In 1999, Jodie Foster announced plans to make Flora Plum, a romantic drama about a “circus freak” suffering from hypertrichosis (excessive hair growth) who finds love with a penniless drifter. The character would have been played by an able-bodied woman—Claire Danes—but was focused on a disabled woman finding love, a rare combination in disabled cinema. Unfortunately, the project is still floundering almost 20 years later; it’s doubtful we’ll ever see it. One has to wonder if what’s holding it up isn’t just the lack of a Barnum-esque figure, but the fact that it’s about a disabled person thriving and being a romantic subject.

Why are talented individuals drawn to these projects? I hate to say it, but actors, directors and screenwriters could be in it for the awards potential, as the past successes of My Left Foot, The Theory of Everything and Million Dollar Baby have attested. Interviews with Eddie Redmayne and Daniel Day-Lewis have the actors discussing a desire to tell stories about disabled people to spark conversation and enhance audience knowledge, to challenge themselves and present an emotional life that both honors the people they’re playing and provides the audience with new insight. This, in itself, is ableist thinking: They want to represent disabled people on the screen to educate able-bodied audiences about the existence of disabilities. They may believe they’re making a movie that will connect with people but the lack of people shaping these narratives who aren’t disabled will always present a limited scope.
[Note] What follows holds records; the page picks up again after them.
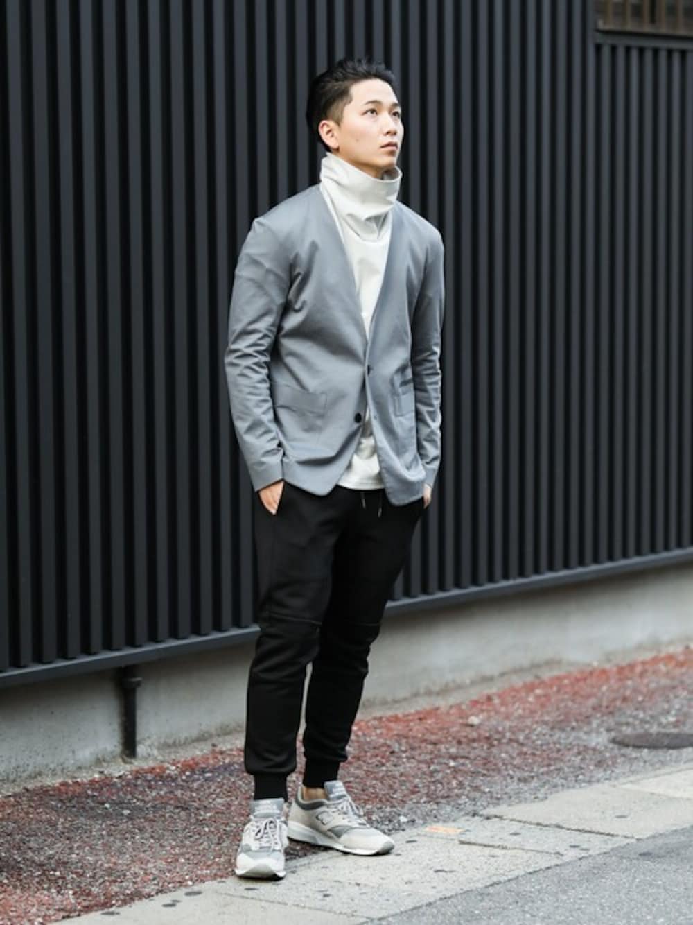 トレンドのノーカラージャケットのリラックススタイル。 抜け感のあるノーカラージャケットにジョガーパンツを合わせてリラックス感を演出。 インにタートルを入れることでリラックス感がありながらも、大人びた上品な印象に仕上げてみました。
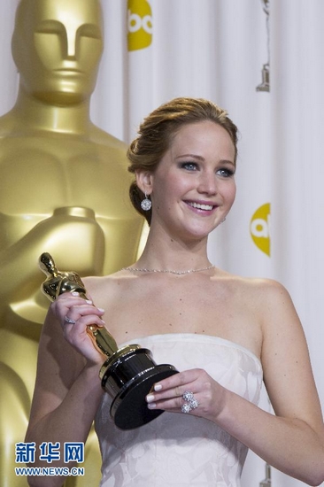 2月24日,在美国好莱坞杜比剧院,获最佳女主角奖的詹妮弗·劳伦斯在后台展示所获奖杯。第85届当天在美国洛杉矶好莱坞杜比剧院举行。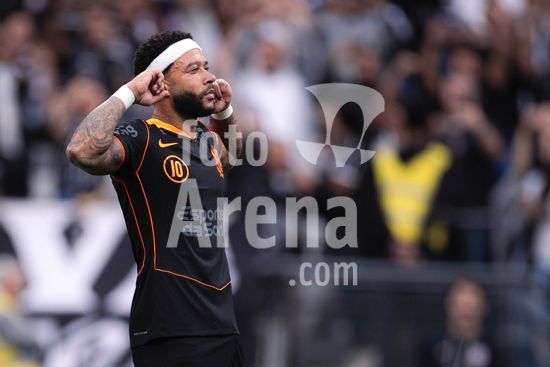 2834801 Memphis do Corinthians comemora o gol durante partida entre Corinthians x Grêmio, válida pela trigésima primeira roda do Campeonato Brasileiro de Futebol 2025, neste domingo (2), na Neo Química Arena, SP.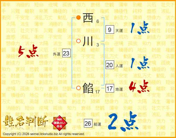 西川餡さんの総運は26画の2点!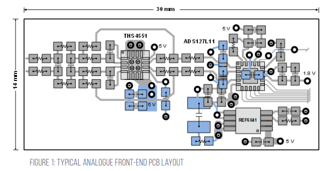 Product design is directly related to the size of the electronics within. Technological advances mean that the converter is no longer the largest component in a data acquisition system. Figure 1 shows a layout of a data acquisition system using the THS4551 fully differential amplifier with fourth-order low-pass filter, the REF6041 voltage reference with integrated buffer and the ADS127L11 wideband ADC.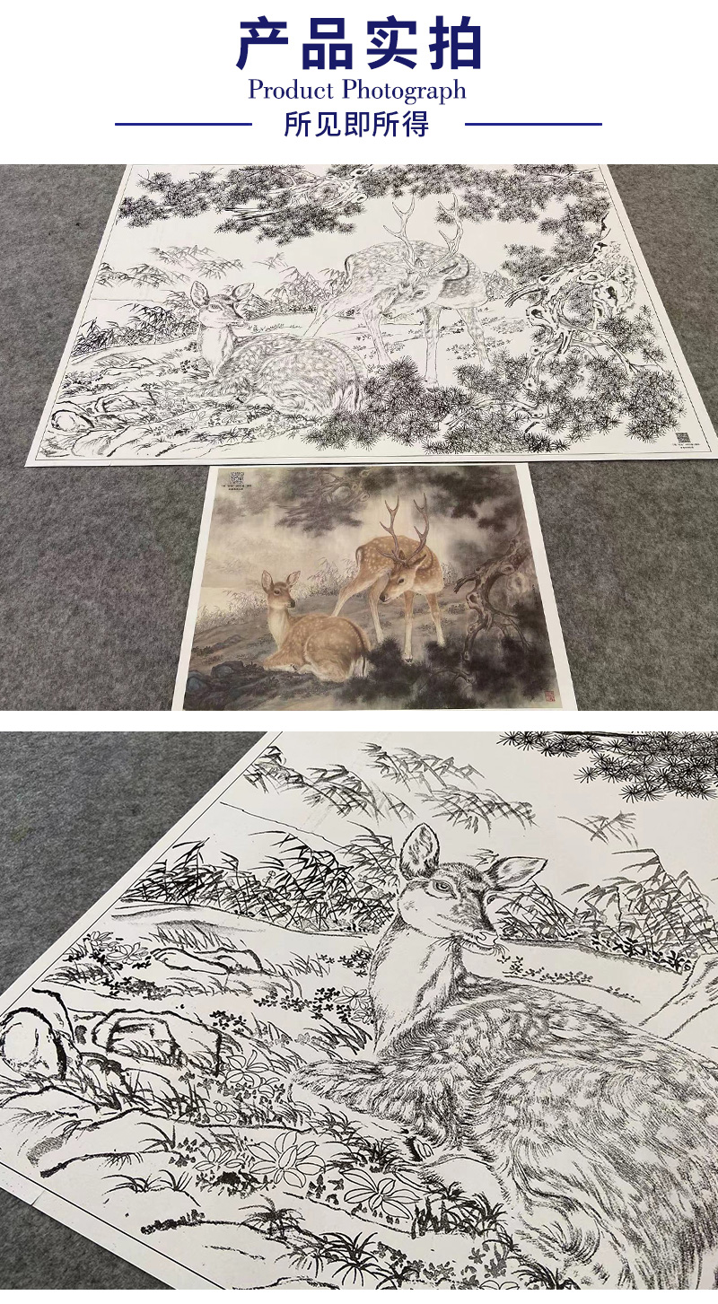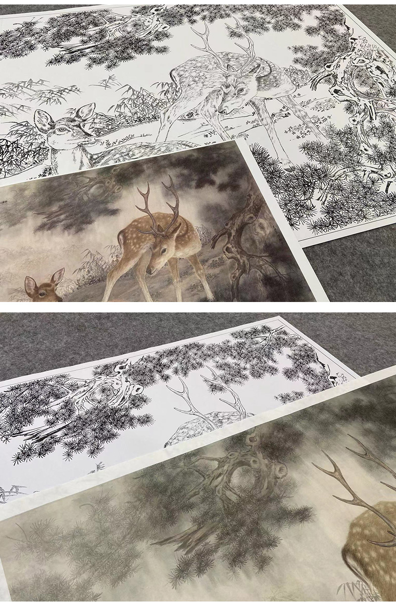 【大彩图】高文刚工笔画白描底稿小品《双鹿》临摹勾线高清打印稿A643

The Greatest Showman’s “this is me” message isn’t meant to connect to disabled audiences, but act as a salve for the able-bodied, for those who perceive P.T. Barnum as a man who saw beyond the image (ironic considering he was a man who often shaped the image of the disabled as something to pity or be awed by). Last year’s weepy romance Me Before You achieved its goal of reminding able-bodied audiences to live their lives, or else face the cruel wrath of being struck down in their prime with a wheelchair. Similar stories, including Clint Eastwood’s Oscar-winning drama Million Dollar Baby, reiterated the idea that dying was better than being confined to a wheelchair. Breathe and Stronger’s recent trailers play up their “inspirational true story” angle, carefully chosen to appeal to the non-disabled masses.
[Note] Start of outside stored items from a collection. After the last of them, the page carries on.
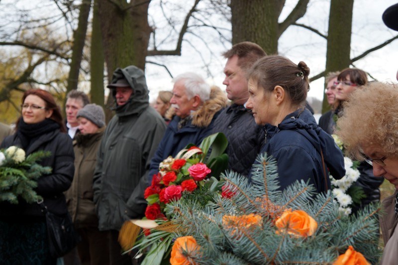 U podnóża pomnika z dwóch kamiennych prostopadłościanów złożone zostały kwiaty i zapalone znicze. (jg)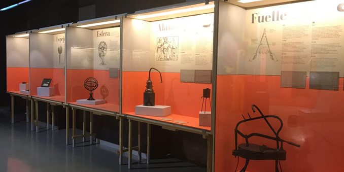 En veinte paneles expositivos se exhiben piezas de la colección del MUNCYT como anteojos, microscopio, globo terráqueo, ludión, fuelle de fragua, brújulas, entre otras, y algunas cedidas por el Museo Nacional de Ciencias Naturales de Madrid como por ejemplo una Caja conlepidópteros o un Pez piedra.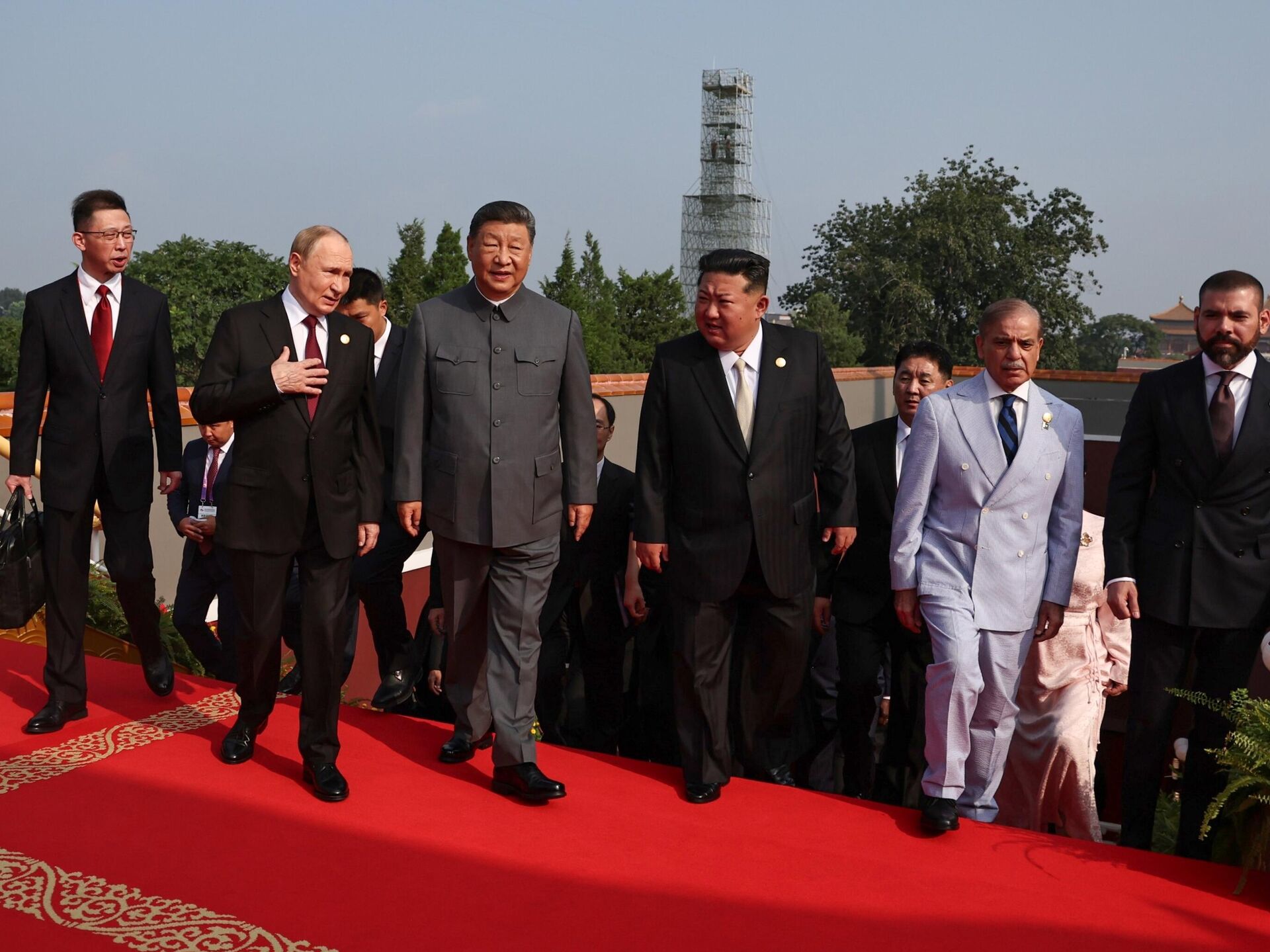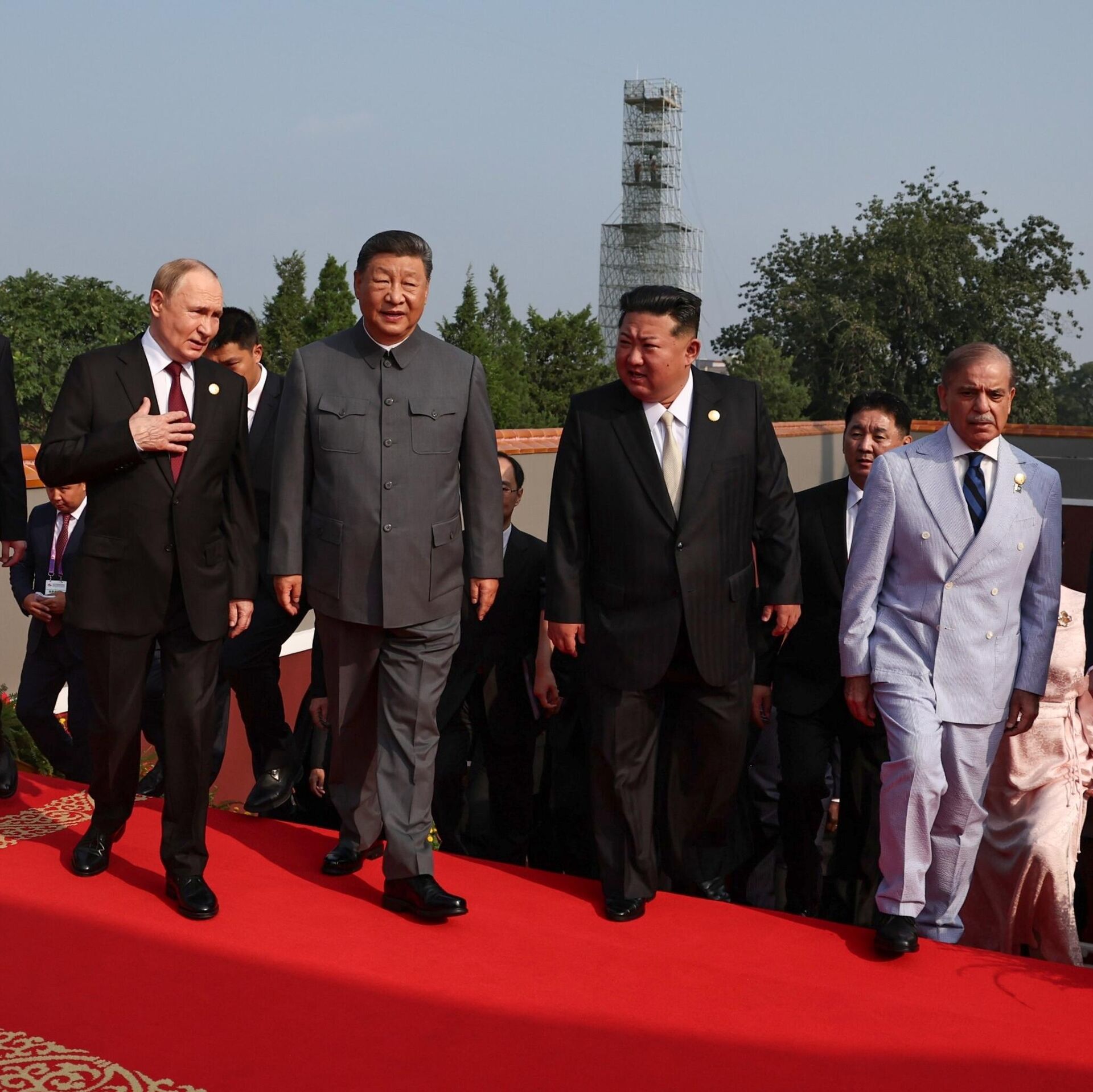 بوتين وكيم جونغ أون تبادلا حديثًا قصيرًا مع شي جين بينغ أثناء توجه القادة الثلاثة إلى المنصة المخصصة لمتابعة العرض في بكين.

There’s some hope that much of The Greatest Showman’s problems lie with marketing. Maybe the film itself will present Barnum as a flawed figure; it could humanize those with disabilities and remove the stigmas of past features. There are only a handful of prominent disabled actors mass audiences would be able to name, and hardly—if any—disabled directors or screenwriters making major motion pictures. This leaves most films removed from the disabled experience, with the few that do depict the disabled offering an overall message focused on inspiring an able-bodied audience.

As a disabled critic I’d love to have something positive to say about these movies, if only so we can open the doors to actual disabled people directing, writing and starring in work that’s actually about them.